At night, they visit coffee plantations and feast on the ripe cherries, often leaving large coffee-bean-laden dung piles around the plantation. In addition to the chemical adjustments a cats stomach makes to a coffee cherry (something that high-level coffee roasters wax poetic about frequently), the belief is that a civet has an eye for the beans selection, eating only the best from a group. One of the steps of the process that makes Kopi Luwak such a unique, fantastic coffee is that civets pick out specific coffee cherries, choices taken from them while captive.

While Black Ivory Coffee is known for using elephants in Thailand for their completely digested coffee cherries, Kopi Luwak is made using a similar process using different animals on a few particular Indonesian islands. Kopi Luwak coffee prices start at $160 a pound, rising up to $600 for the more expensive variety, in which civets roam free and pick out the best beans for themselves.

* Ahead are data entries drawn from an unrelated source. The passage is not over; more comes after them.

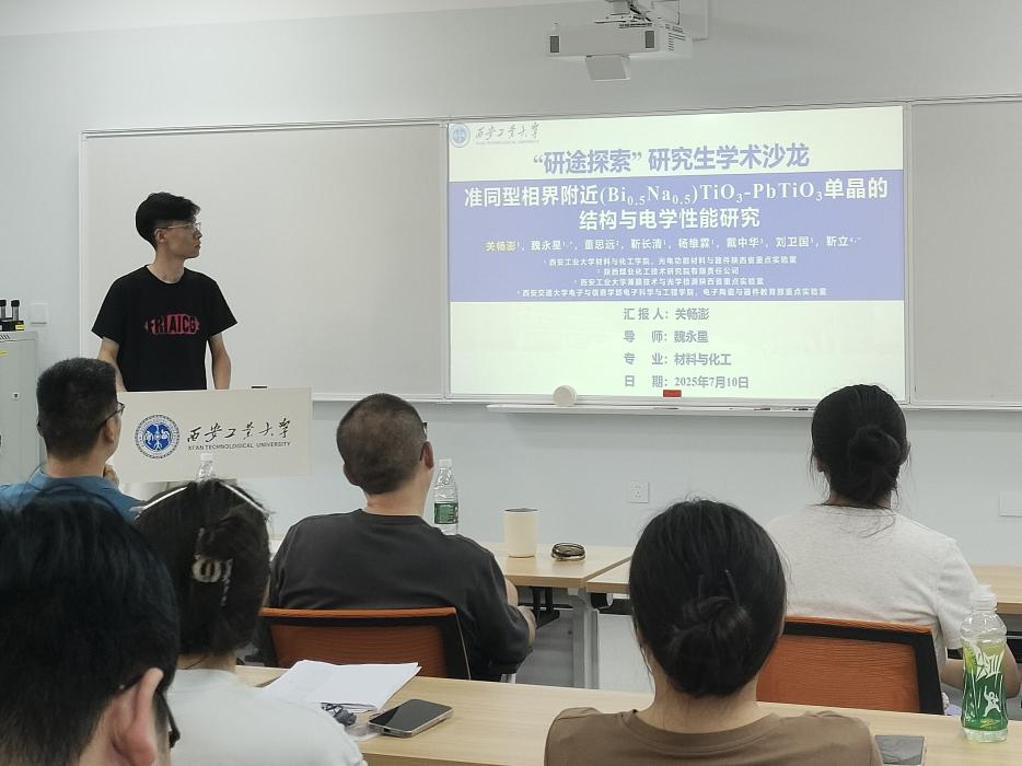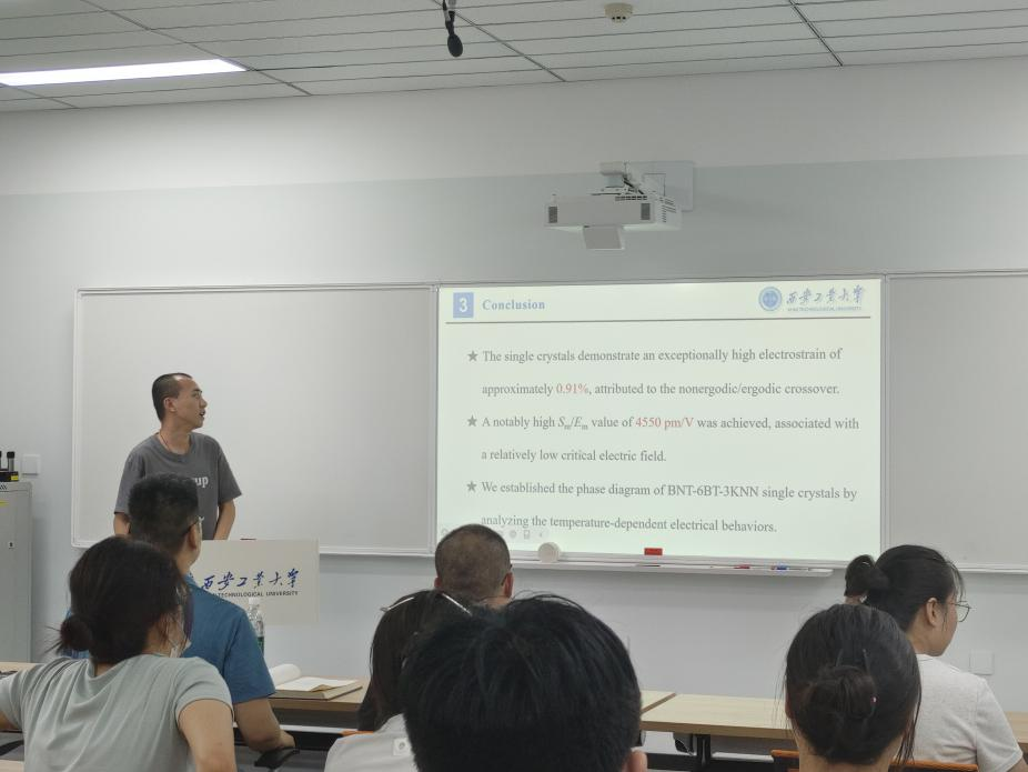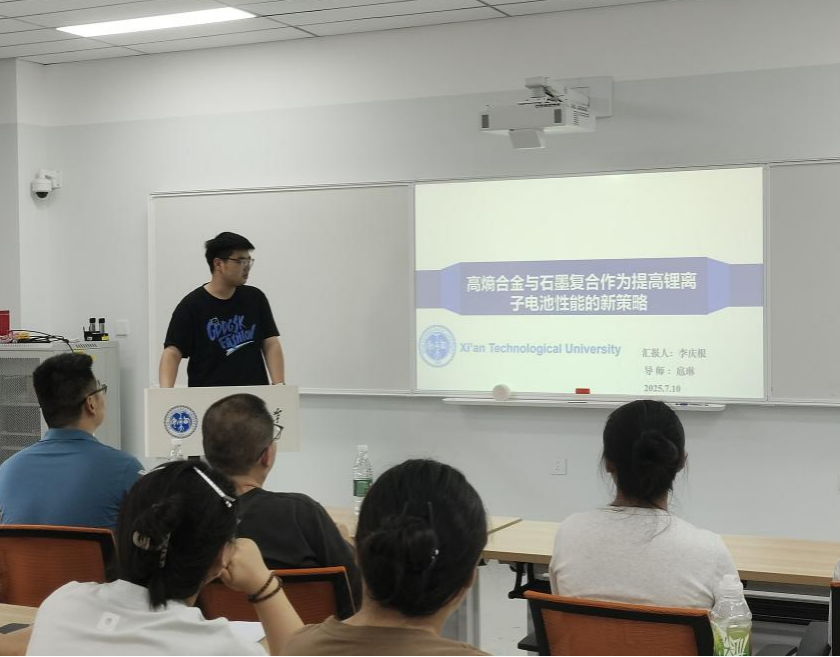 活动过程中,三位优秀研究生代表依次带来精彩的学术分享。2024级博士研究生牛佳林以“助熔剂法生长的钛酸铋钠基单晶的超高电致应变”为题,系统阐述了钛酸铋钠基单晶的制备工艺、性能优势及潜在应用场景,展现其在新型电子器件领域的研究价值;2023级硕士研究生关畅澎围绕“准同型相界附近Bi0.5Na0.5TiO3-PbTiO3单晶的结构与电学性能研究”,深入剖析相界行为对单晶电学性能的影响机制及优化路径,为智能传感器材料开发提供创新思路;2024级硕士研究生李庆根以“高熵合金与石墨复合作为提高锂离子电池性能的新策略”为主题,介绍复合材料的制备方法、性能测试结果及在储能领域的应用前景,引发在场同学的广泛关注与热烈讨论。
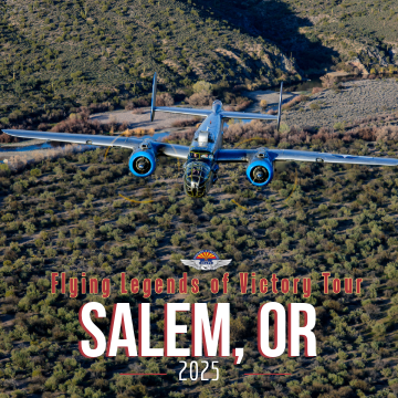 August 19-24, 2025 The B-17 Flying Fortress Sentimental Journey and the B-25 Mitchell Maid in the Shade will be at the Salem-Willamette Valley Airport in Salem, OR August 19 – 24, 2025.
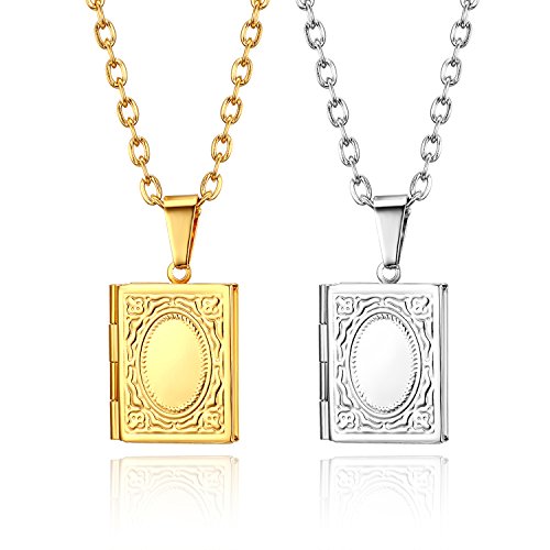 Flongo herrkedja damhalsband fotohänge hänge, rostfritt stål berlock halsband silver guld guld rektangel bokform öppningsbar fotomedaljong polerad elegant kvinnor kvinnor män, Rostfritt stål
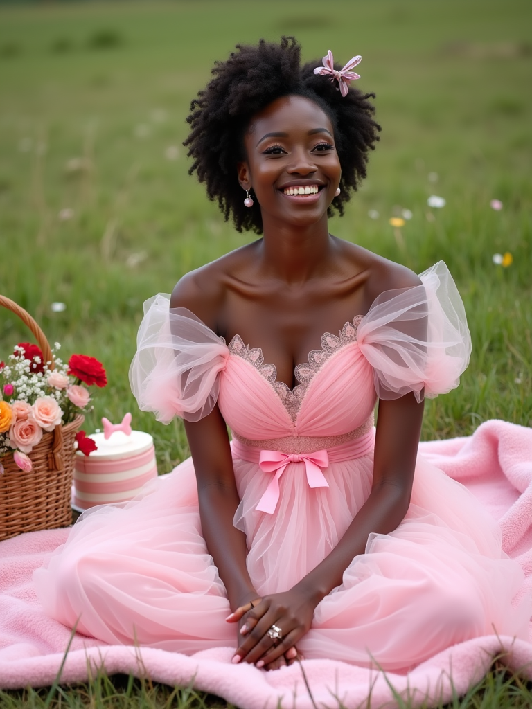 model sitting on a pink blanket in a grassy field, wearing a pink tulle birthday dress with puff sleeves and bow , surrounded by cake, flowers, and picnic baskets
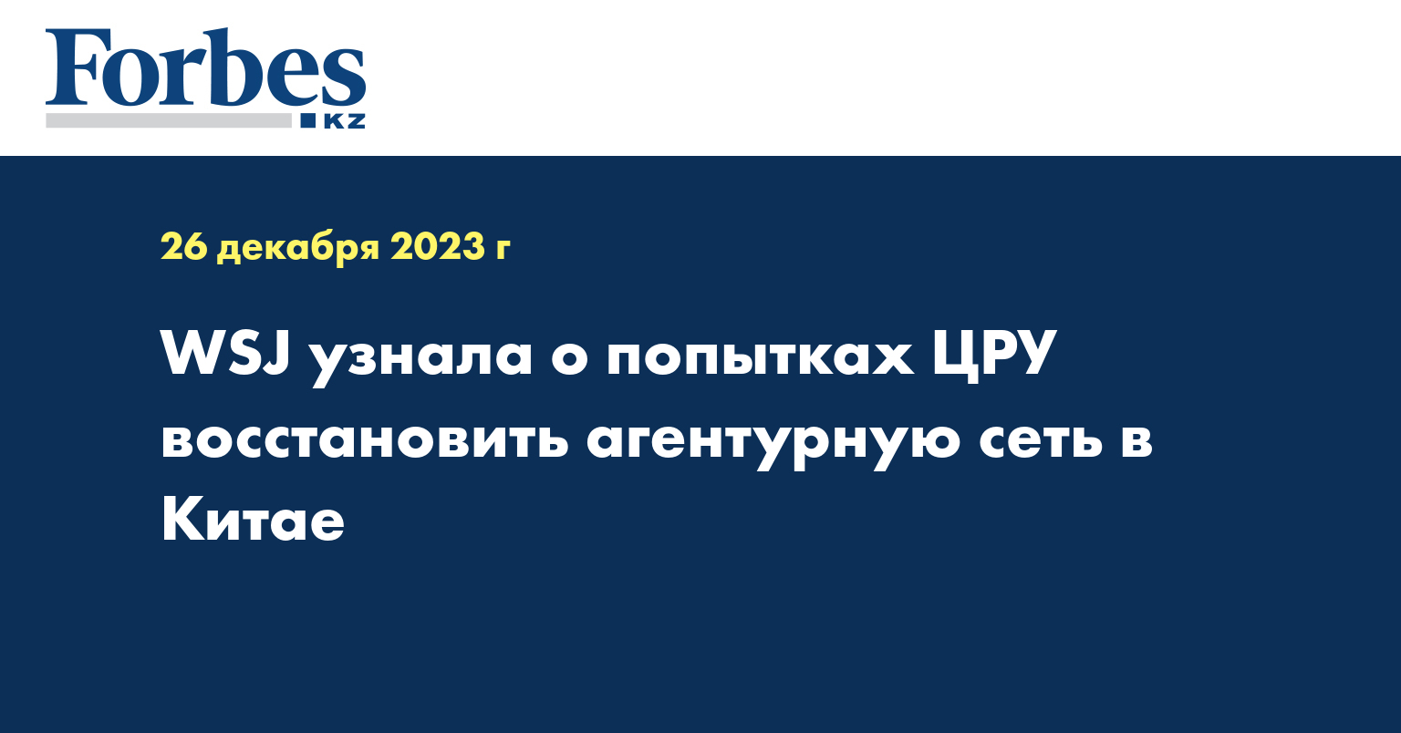 ЦРУ всё еще пытается восстановить агентурную сеть в Китае, после того как с 2010 по 2012 год Пекин арестовал около 20 работающих на США шпионов внутри страны, часть из которых были казнены, рассказали The Wall Street Journal (WSJ) нынешние и бывшие американские чиновники. Без агентов, отметили они, Вашингтон знает о планах лидера КНР Си Цзиньпина в основном благодаря умозаключениям и анализу его частых публичных заявлений. «Мы вообще не имеем никакого реального представления о планах и намерениях руководства Китая», – отметил бывший высокопоставленный сотрудник американской разведки, передает Forbes.ru.
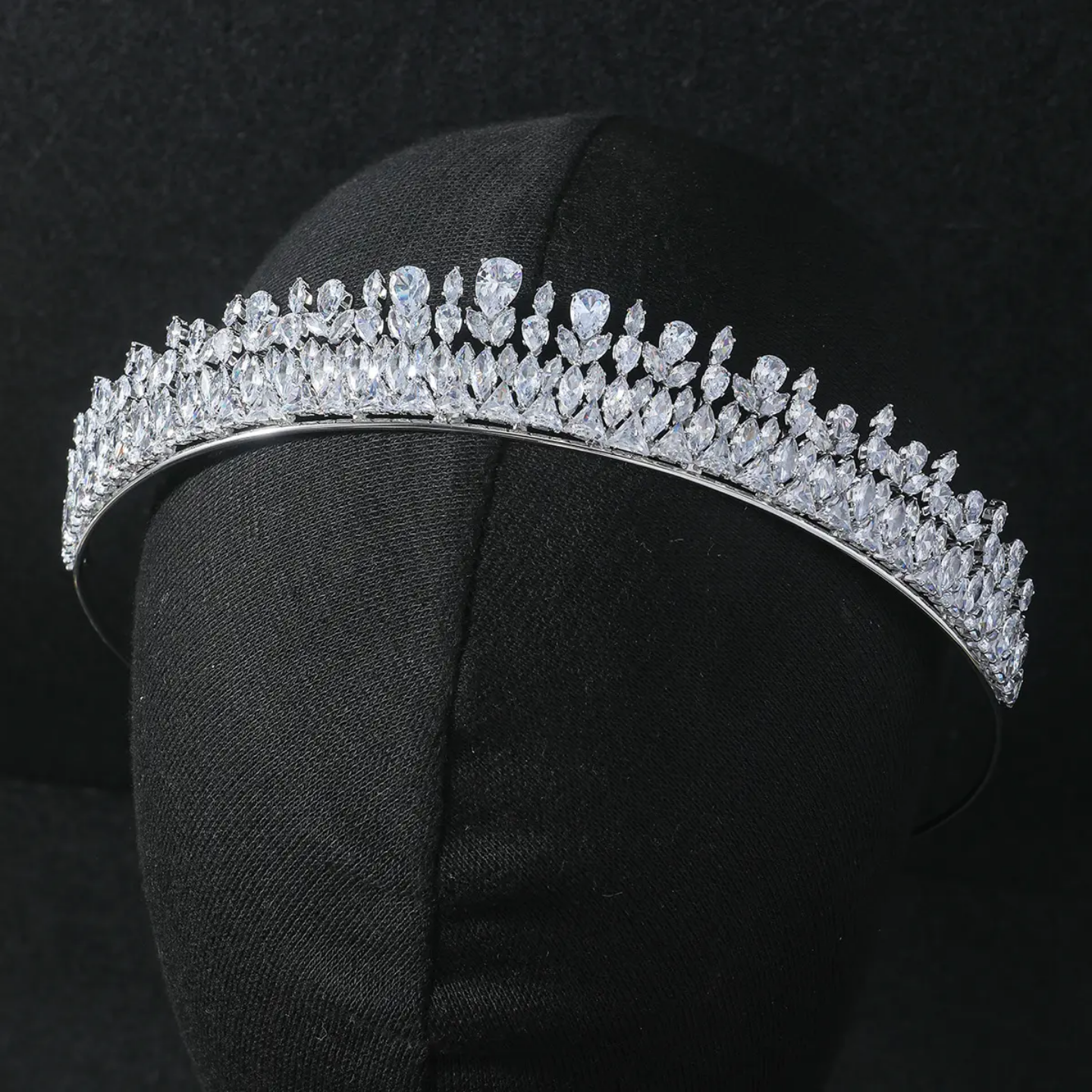 Mooncrest Royale is an exquisite handcrafted silver crown, inspired by the quiet elegance of moonlight resting atop a royal crest. Its thick, commanding structure is adorned with intricate detailing that shimmers like lunar light, casting a soft yet powerful radiance. Designed for brides, queens, and those who wish to make an unforgettable statement, this crown embodies both strength and grace. Whether worn for a wedding, pageant, or grand celebration, Mooncrest Royale transforms any look into a vision of celestial royalty.
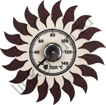 Термометр БАННЫЕ ШТУЧКИ Солнышко 13х13х2,5 см Термометр "Удовольствие" для бани и сауны предназначен для измерения температуры воздуха в парной комнате. Изготовлен из натурального дерева и метплла. Он предназначены для использования в бане и сауне. «Банные Штучки» поддерживают традиции настоящей душевной русской бани, лечащей разум, тело и душу - той бани, где сходят семь потов, душистый пар ласково обволакивает тело, а вода смывает все заботы и тревоги
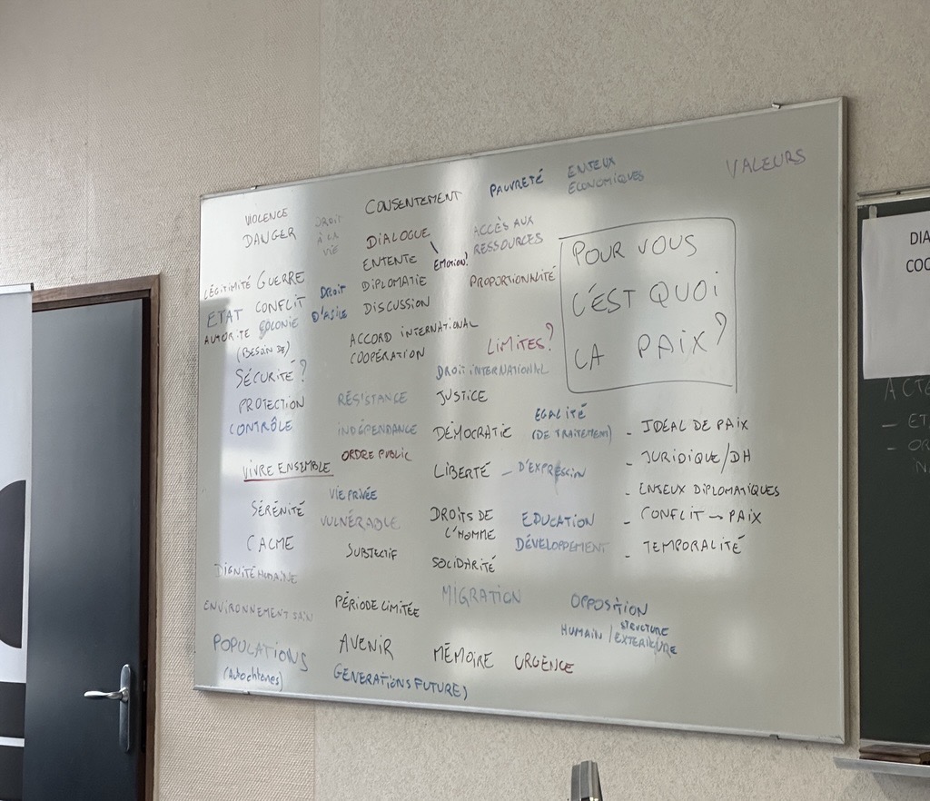 Leurs échanges ont permis d’aborder la paix non seulement comme valeur universelle, mais aussi comme enjeu professionnel pour les médias, les humanitaires et l’éducation : que signifie travailler pour la paix aujourd’hui ? Comment concilier engagement, neutralité, éthique et responsabilité ?

Although Kopi luwak is a processing method, not a type of coffee, Kopi luwak has been called one of the worlds most expensive coffees, with retail prices reaching $100 a kg for farm-grown beans and $1,300 per kg for wild-harvested beans.

Similar to coffee from the civet, coffee from Finca Los Planes is prepared by elephants, which consume arabica beans and are processed through their digestive processes. Oh, and just so happens, Finca El Injerto coffee is harvested from the arabica beans that are excreted from the dung of elephants. Right up there with the Thai black ivory coffee is the Guatemalan Finca El Injerto, which retails for about $500 per pound.